An unblemished work record between the misconduct in 2019 and the hearing and Decision in 2025.

It was in her favour that she had not repeated any misconduct, especially given the long gap of over 5 years between the 2019 misconduct and the 2025 hearing. But “keeping her head down” (as Mr Holborn put it in submissions) was perhaps to be expected when she was in the shadow of an investigation and misconduct proceedings. The point was rightly seen as to her credit, but, against it, she had maintained an unblemished record between the misconduct in 2015 and the warning in 2017 as well but relapsed within a year of the warning expiring.

iv)

Extensive testimonials from colleagues working with Ms Tchampet daily and managers responsible for her work which “attest to your high standards of skills, professionalism and trustworthiness, knowing the charges you face.” (Decision p 23).

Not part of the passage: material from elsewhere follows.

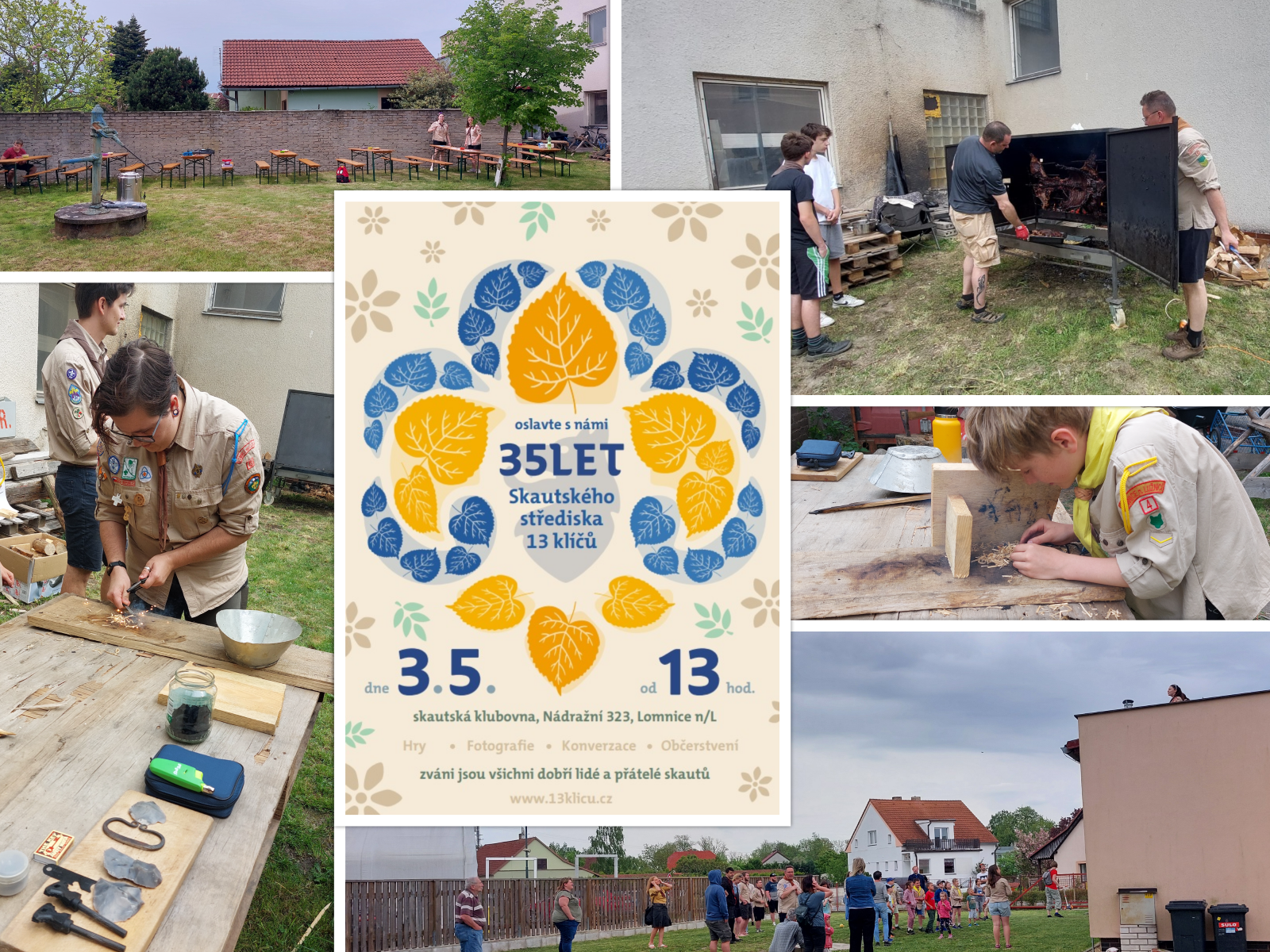 Akce k výročí obnovení 35 let našeho střediska se uskutečnilo formou přátelského setkání v sobotu 3. května od 13:13 hodin ve skautské klubovně v Nádražní ulici. Během odpoledne, kdy mohli účastníci prohlédnout prostory klubovny s vystavenými kronikami, fotografiemi či promítanými videozáznamy zachycující činnost střediska a také ochutnat pečeného divočáka. Na balkónu proběhla dražba a jako vrchol odpoledne odhalení nového střediskového znaku.

This, too, was a point in her favour. But it was another point of limited weight. Ms Tchampet was not accused of being deficient in skills. Nor did the problem arise when she was being supervised or in the company of other nursing and medical professionals. Both cases of misconduct, in 2015 and 2019, were about situations when she had deliberately placed herself away from colleagues, away from observation and away from supervision. The 2019 case was a case of actual dishonesty and gross neglect endangering life, and, since this was admitted, it could not be said, on the basis of references, that she was professional and trustworthy when she believed she was not being watched.

88.

The Decision also considered the dishonesty “towards, but not at the higher end of the spectrum”, and “a single episode of dishonesty”; which was, given the points I have made in para 77 above, either wrong or a distinction not sufficient to make a difference between a case requiring striking off and case which could be dealt with by a period of suspension, especially where (as the Panel recognised) the misconduct was not limited to the dishonesty but included neglect which could have been fatal to an exceptionally vulnerable patient in Ms Tchampet’s sole care.

89.

The Decision characterised the misconduct as:

“• A single instance of misconduct, but where a lesser sanction is not sufficient;

• No evidence of harmful deep-seated personality or attitudinal problems;

• No evidence of repetition of behaviour since the incident;

• The Committee is satisfied that the nurse or midwife has insight and does not pose a significant risk of repeating behaviour;

In relation to attitudinal concerns arising from your dishonest conductm, the panel acknowledged your extensive remediation,”

90.

It was not, however, a single instance of misconduct. There were many aspects to the misconduct, and it extended (because of the dishonesty, which was serious in itself, although not the only misconduct) over weeks rather than hours.

91.

There did appear to be an attitudinal problem, as discussed in the Sanctions Guidance, because of the similarity between the 2015 misconduct and the 2017 misconduct, and because of the repetition of that conduct notwithstanding the warning given and in breach of the assurance accepted by the Case Examiners in 2017. The Decision does not grapple with that, and, in particular, does not mention the assurance, and its breach.

92.

There had not been repetition of the behaviour since the incident, but that was of less weight than the repetition of behaviour after the warning.

93.

The evidence of insight had to be considered in the light of the acceptance of insight by the Case Examiners in 2017 which proved to be unreliable.

94.

Giving due weight and deference to the reasoning of the Panel, it is incomplete and unsound and does not support its conclusion that suspension was an appropriate and sufficient sanction on the facts of Ms Tchampet’s case. I agree with the Appellant and the First Respondent that the decision was wrong and that the only possible decision, in view of the Sanctions and Understanding Fitness to Practise Guidance, and the facts of the case, was that Ms Tchampet should have been struck off.

95.

The Panel’s own findings of primary fact supported this.

96.

Consequently, the appeal will be allowed, the Decision will be quashed, and I will exercise my power to substitute the inevitable and correct decision, which is that Ms Tchampet should be struck off the register.